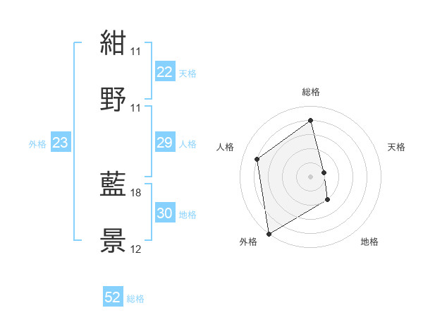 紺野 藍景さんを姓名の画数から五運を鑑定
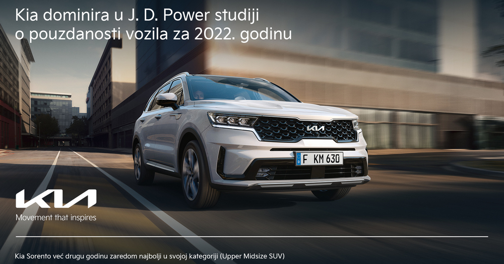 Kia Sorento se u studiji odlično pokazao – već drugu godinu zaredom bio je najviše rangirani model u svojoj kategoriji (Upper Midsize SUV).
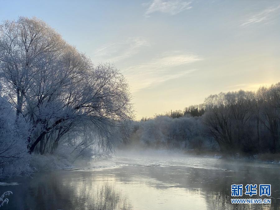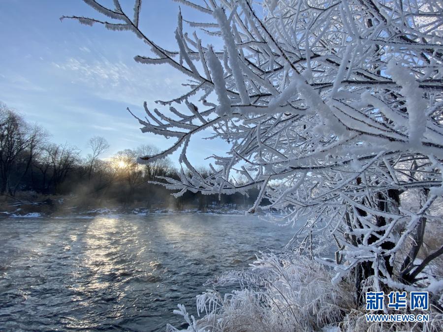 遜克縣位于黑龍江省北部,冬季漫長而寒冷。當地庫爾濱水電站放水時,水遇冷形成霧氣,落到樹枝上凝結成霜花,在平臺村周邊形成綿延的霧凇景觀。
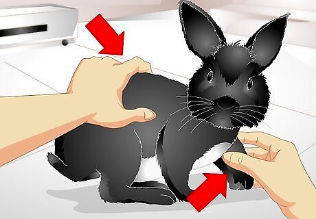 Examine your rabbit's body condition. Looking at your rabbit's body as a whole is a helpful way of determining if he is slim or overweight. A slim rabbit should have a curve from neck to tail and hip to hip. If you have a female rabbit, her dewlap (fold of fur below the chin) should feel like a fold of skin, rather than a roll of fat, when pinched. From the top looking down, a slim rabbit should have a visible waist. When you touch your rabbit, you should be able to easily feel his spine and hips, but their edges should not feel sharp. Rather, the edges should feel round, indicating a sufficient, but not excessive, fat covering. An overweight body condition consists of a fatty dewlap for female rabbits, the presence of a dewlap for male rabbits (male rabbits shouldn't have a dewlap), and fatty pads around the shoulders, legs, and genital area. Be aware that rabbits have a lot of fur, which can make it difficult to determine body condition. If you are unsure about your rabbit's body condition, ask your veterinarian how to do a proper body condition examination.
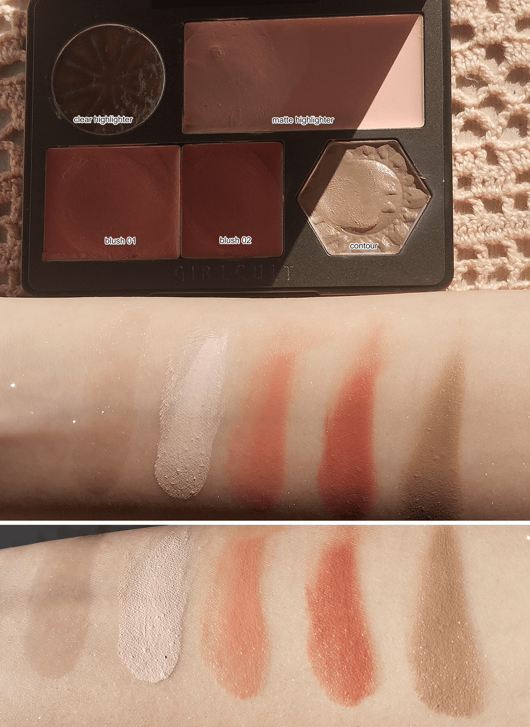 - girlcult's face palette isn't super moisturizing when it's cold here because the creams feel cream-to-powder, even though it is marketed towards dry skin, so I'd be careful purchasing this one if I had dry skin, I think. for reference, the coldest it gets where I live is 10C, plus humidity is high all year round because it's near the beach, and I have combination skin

--

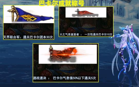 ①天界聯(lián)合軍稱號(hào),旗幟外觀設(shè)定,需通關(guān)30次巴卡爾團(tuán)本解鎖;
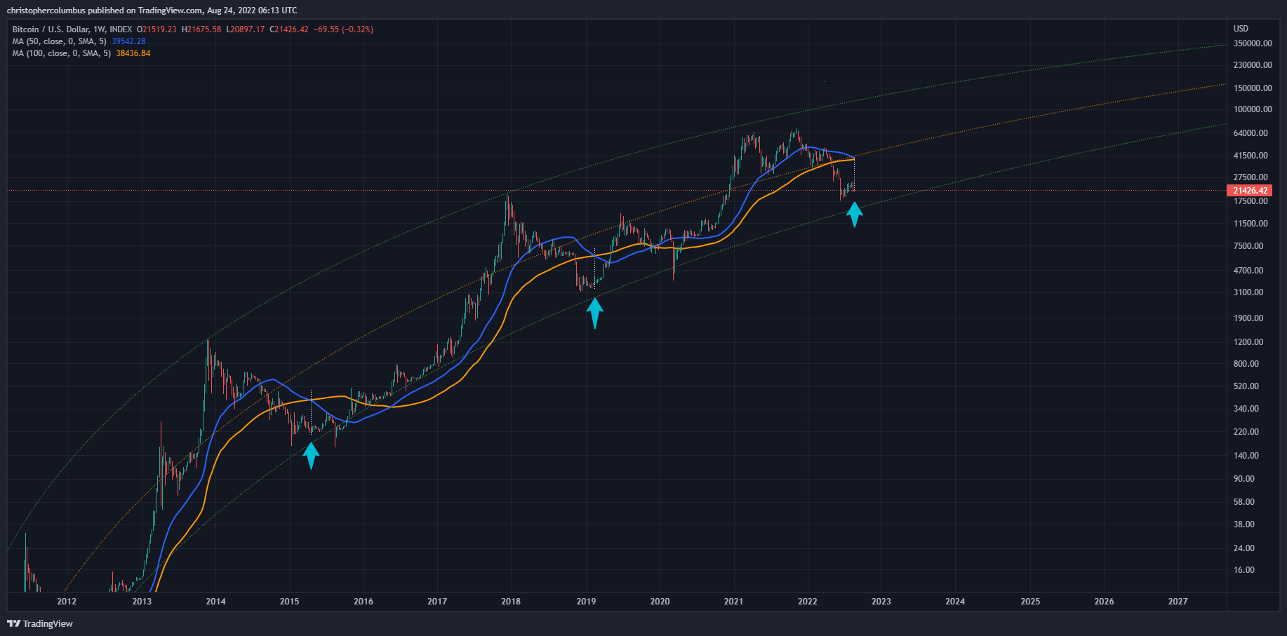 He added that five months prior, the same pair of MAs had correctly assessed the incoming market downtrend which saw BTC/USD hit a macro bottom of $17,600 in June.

• [WORK INSTRUCTIONS] Please set down, exactly and with no pictures, the lines in the entries above starting at the one holding "紺野 藍景さんを姓名の画数から五運を鑑定" and ending at the one holding "遜克縣位于黑龍江省北部,冬季", ends included.

• [WRITTEN RESPONSE]
 紺野 藍景さんを姓名の画数から五運を鑑定
 Kia Sorento se u studiji odlično pokazao – već drugu godinu zaredom bio je najviše rangirani model u svojoj kategoriji (Upper Midsize SUV).
 遜克縣位于黑龍江省北部,冬季漫長而寒冷。當地庫爾濱水電站放水時,水遇冷形成霧氣,落到樹枝上凝結成霜花,在平臺村周邊形成綿延的霧凇景觀。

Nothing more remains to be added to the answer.